If you’ve ever asked “What exactly is occupational therapy?” you’re not alone. Occupational therapy (OT) gives people the skills for the job of living necessary for independent and satisfying lives. Ministry Door County Medical Center has 10 occupational therapy professionals ready to serve the community. They work in settings as diverse as elementary school classrooms, skilled nursing facilities, clinic and hospital rooms, and places of employment.
For Stephanie Whitley, an occupational therapist in Ministry’s hospital setting and Skilled Nursing Facility, it’s fulfilling to help patients achieve a safe discharge. “Recently I worked with a patient with a fracture to get him to the point that he could get back home. He made it, and celebrated a milestone birthday the next day!”
Katie Rockendorf provides OT in the Sturgeon Bay Schools. She helps students with sensory issues use various strategies to improve their focus and participation, thus enabling them to remain in the regular classroom with their peers. Rhawn Lampkins also works with students. “The other day I worked with a young boy, helping him with his handwriting and eye-hand coordination. We’re helping kids get the education they need,” says Lampkins.
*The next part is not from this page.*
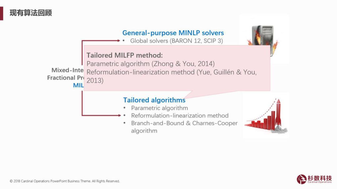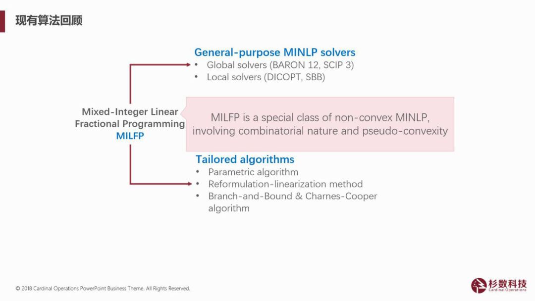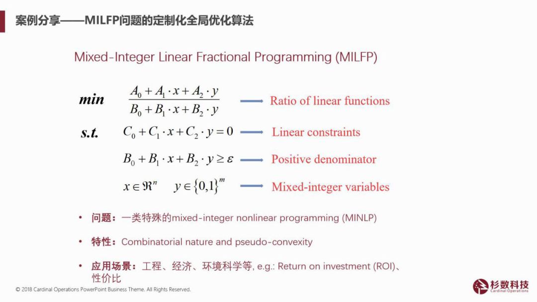 MILFP,是一种特殊的混合整数非线性的问题。其主要目标函数是两个线性方程的比值,其他所有的约束条件都是线性的。假设分母为正,则该线性方程用大于等于符号,这个符号是相对小的数比如0.01,但不能太小,这是一个混合整数问题。该问题有非线性的目标函数,因此是一类特殊的MILFP的问题。该目标函数是一个分式形式,其特性是具有组合性质和伪凸性。其应用在工程、经济、环境科学等环境中,例如投资回报率及购买物品时所提到的性价比。

For many patients, getting back to the activities of daily living is the reason they seek OT care. Ann Rankin is a hand specialist who works with everyone from employees who suffer tendonitis from computer work, to patients recovering from acute injuries. “I enjoy helping people get back to doing what they like to do, whether it’s writing, or gardening or playing an instrument,” she says.
Ministry also provides occupational therapy services to residents of Scandia Village in Sister Bay, and therapist Carol Shabbit enjoys the variety of care she is able to give. “One of the services we provide is driver screenings to help determine if someone is still safe behind the wheel. It’s often a relief for the patient, the family and even the doctor to have our objective evaluation for a patient.”
Kim Kavanaugh works with the Home Health program and Ministry’s Memory Clinic helping patients with cognitive issues and providing practical ways to make life easy through organization, sequencing and compensatory techniques. “One of the most important things we do is educating families about cognitive and memory issues. It’s such a comfort to them to have the information they need to help their loved ones cope.”